Data listing:
[Start of section]

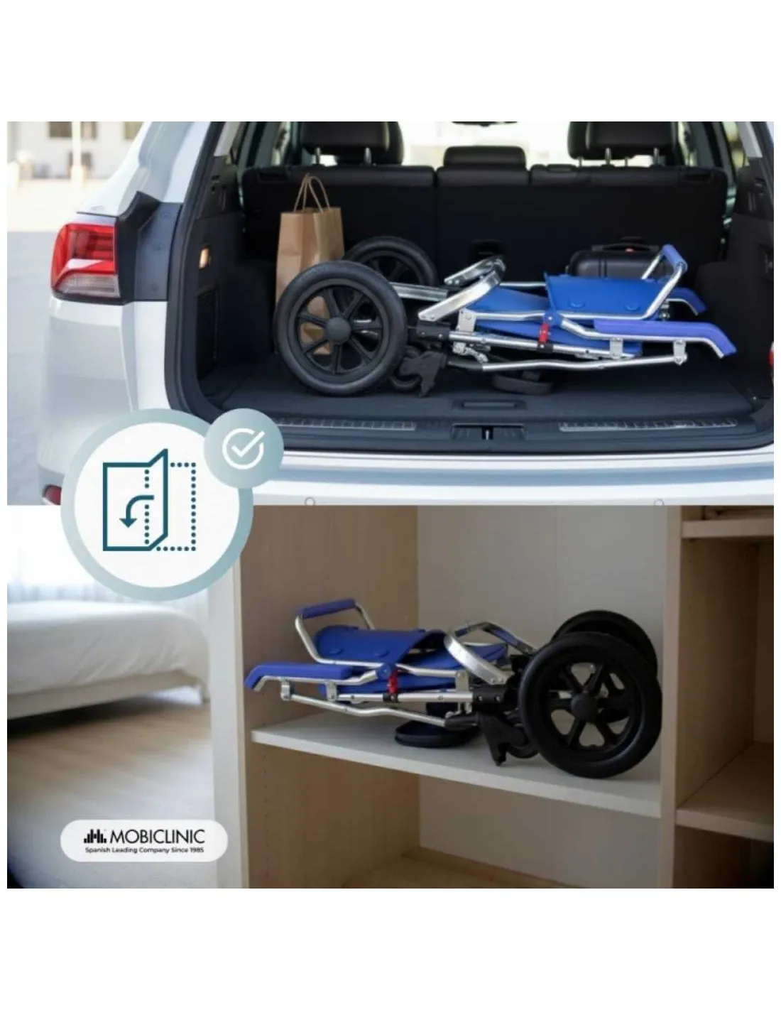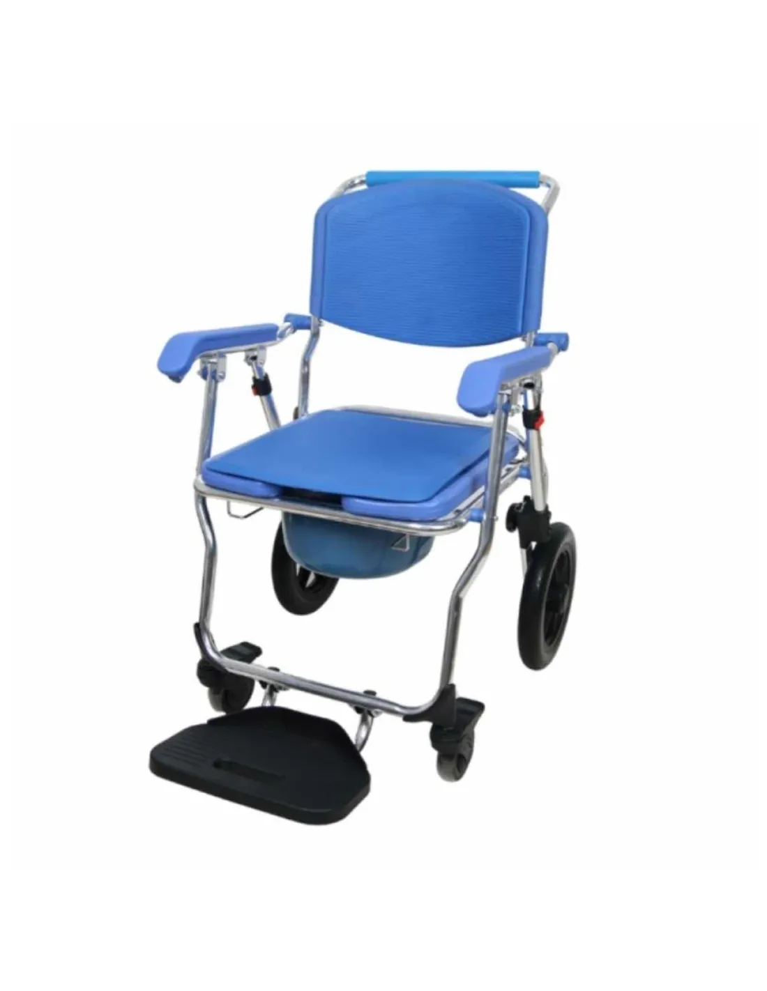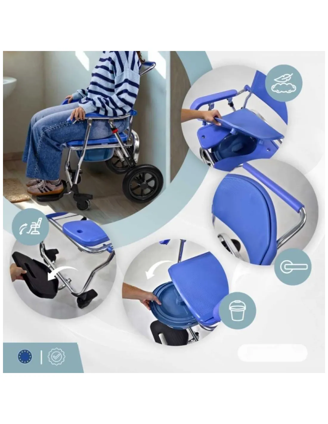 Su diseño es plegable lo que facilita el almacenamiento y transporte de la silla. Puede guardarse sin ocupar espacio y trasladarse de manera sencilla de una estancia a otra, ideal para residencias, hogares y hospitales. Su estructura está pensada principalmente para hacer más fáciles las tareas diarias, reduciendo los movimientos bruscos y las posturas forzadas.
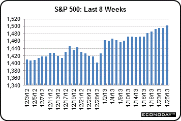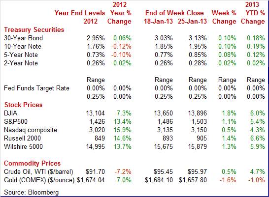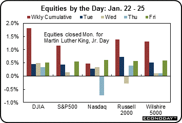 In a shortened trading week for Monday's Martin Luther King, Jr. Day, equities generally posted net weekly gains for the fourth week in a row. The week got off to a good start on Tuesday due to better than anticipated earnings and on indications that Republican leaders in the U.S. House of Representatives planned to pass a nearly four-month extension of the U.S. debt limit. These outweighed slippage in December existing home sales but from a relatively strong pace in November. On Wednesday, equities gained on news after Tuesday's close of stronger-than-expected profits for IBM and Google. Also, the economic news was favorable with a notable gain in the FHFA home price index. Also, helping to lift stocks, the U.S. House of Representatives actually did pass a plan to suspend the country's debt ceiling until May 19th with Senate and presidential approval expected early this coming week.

[End of section]
[Start of section]

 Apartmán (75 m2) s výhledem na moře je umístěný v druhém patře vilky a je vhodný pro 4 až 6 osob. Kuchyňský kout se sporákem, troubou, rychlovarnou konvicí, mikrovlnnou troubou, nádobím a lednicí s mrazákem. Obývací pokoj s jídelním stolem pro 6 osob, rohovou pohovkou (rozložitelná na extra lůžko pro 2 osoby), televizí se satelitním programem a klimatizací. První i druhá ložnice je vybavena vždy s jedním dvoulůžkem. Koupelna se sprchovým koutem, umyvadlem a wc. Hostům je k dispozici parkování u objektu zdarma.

[End of section]
[Start of section]

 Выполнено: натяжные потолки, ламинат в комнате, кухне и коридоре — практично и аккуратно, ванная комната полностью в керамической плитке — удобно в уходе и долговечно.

[End of section]

Task:
Work from the entries above. Set down exactly and only the lines from the line with "Su diseño es" to the line with "In a shortened", both included, and leave the pictures out.

Output of the exercise:
 Su diseño es plegable lo que facilita el almacenamiento y transporte de la silla. Puede guardarse sin ocupar espacio y trasladarse de manera sencilla de una estancia a otra, ideal para residencias, hogares y hospitales. Su estructura está pensada principalmente para hacer más fáciles las tareas diarias, reduciendo los movimientos bruscos y las posturas forzadas.
 In a shortened trading week for Monday's Martin Luther King, Jr. Day, equities generally posted net weekly gains for the fourth week in a row. The week got off to a good start on Tuesday due to better than anticipated earnings and on indications that Republican leaders in the U.S. House of Representatives planned to pass a nearly four-month extension of the U.S. debt limit. These outweighed slippage in December existing home sales but from a relatively strong pace in November. On Wednesday, equities gained on news after Tuesday's close of stronger-than-expected profits for IBM and Google. Also, the economic news was favorable with a notable gain in the FHFA home price index. Also, helping to lift stocks, the U.S. House of Representatives actually did pass a plan to suspend the country's debt ceiling until May 19th with Senate and presidential approval expected early this coming week.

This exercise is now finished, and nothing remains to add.